(Available data):
——————
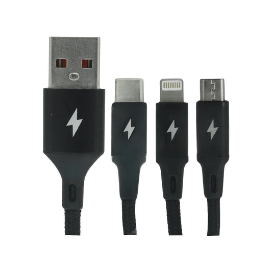 Cable de carga múltiple V8/Tipo C/IPHONE negro Super átomo SA2006A
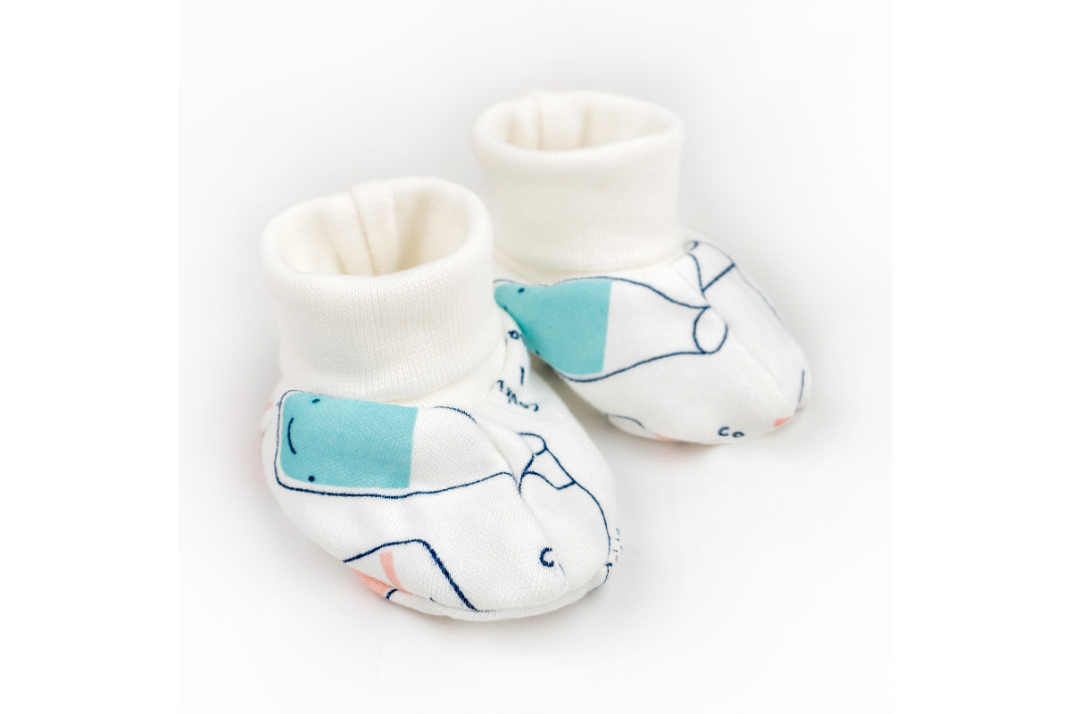 Пінетки для новонароджених білого кольору із милим принтом.Пошиті з інтерлоку - натуральної тканини,..
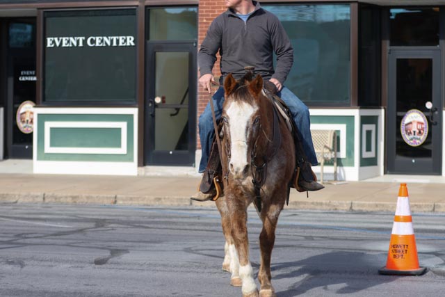 We’ve ridden him in town he is traffic safe and loves people. He would prefer to walk trot but is always willing to lope when asked.
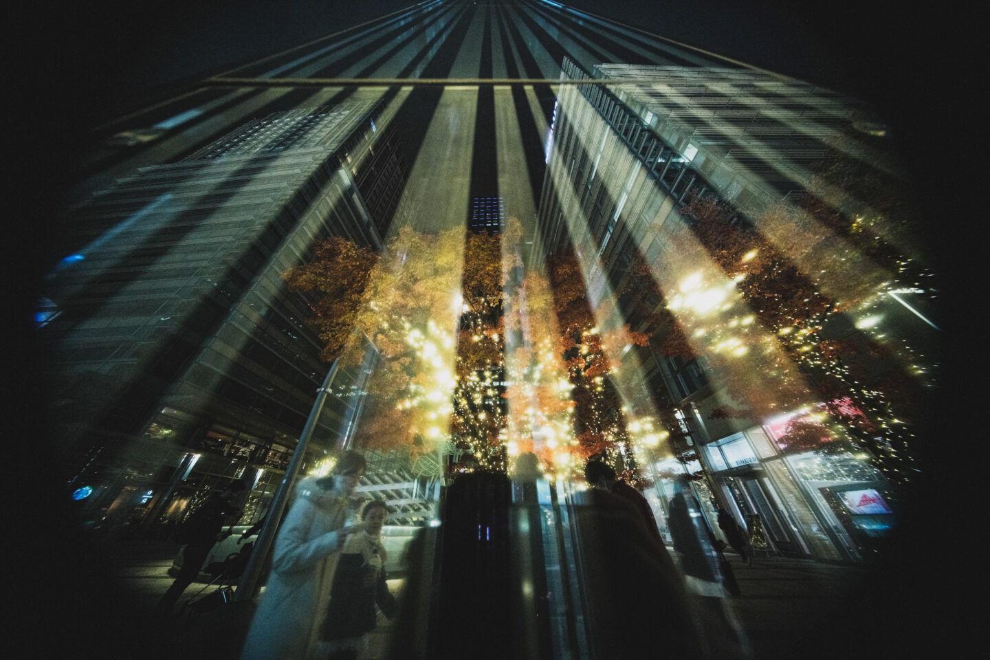 イルミネーションの時期は定番の場所だが、ヘアライン処理されたステンレスの手すりにレンズの下半分を重ねて光を伸ばすテクニックを使っている。皆が一斉に同じ場所へレンズを向けて写真を撮っている場所でも、手前にちょっとした何かを探すと、少し違った写真になってくれる。特に手すりは見落としがちだが、個性を出す一番の被写体だったりするので、探す癖をつけてみよう。
——————
Before copying the material, set its pictures aside; then transcribe it word for word.

(Result of this exercise):
 Cable de carga múltiple V8/Tipo C/IPHONE negro Super átomo SA2006A
 Пінетки для новонароджених білого кольору із милим принтом.Пошиті з інтерлоку - натуральної тканини,..
 We’ve ridden him in town he is traffic safe and loves people. He would prefer to walk trot but is always willing to lope when asked.
 イルミネーションの時期は定番の場所だが、ヘアライン処理されたステンレスの手すりにレンズの下半分を重ねて光を伸ばすテクニックを使っている。皆が一斉に同じ場所へレンズを向けて写真を撮っている場所でも、手前にちょっとした何かを探すと、少し違った写真になってくれる。特に手すりは見落としがちだが、個性を出す一番の被写体だったりするので、探す癖をつけてみよう。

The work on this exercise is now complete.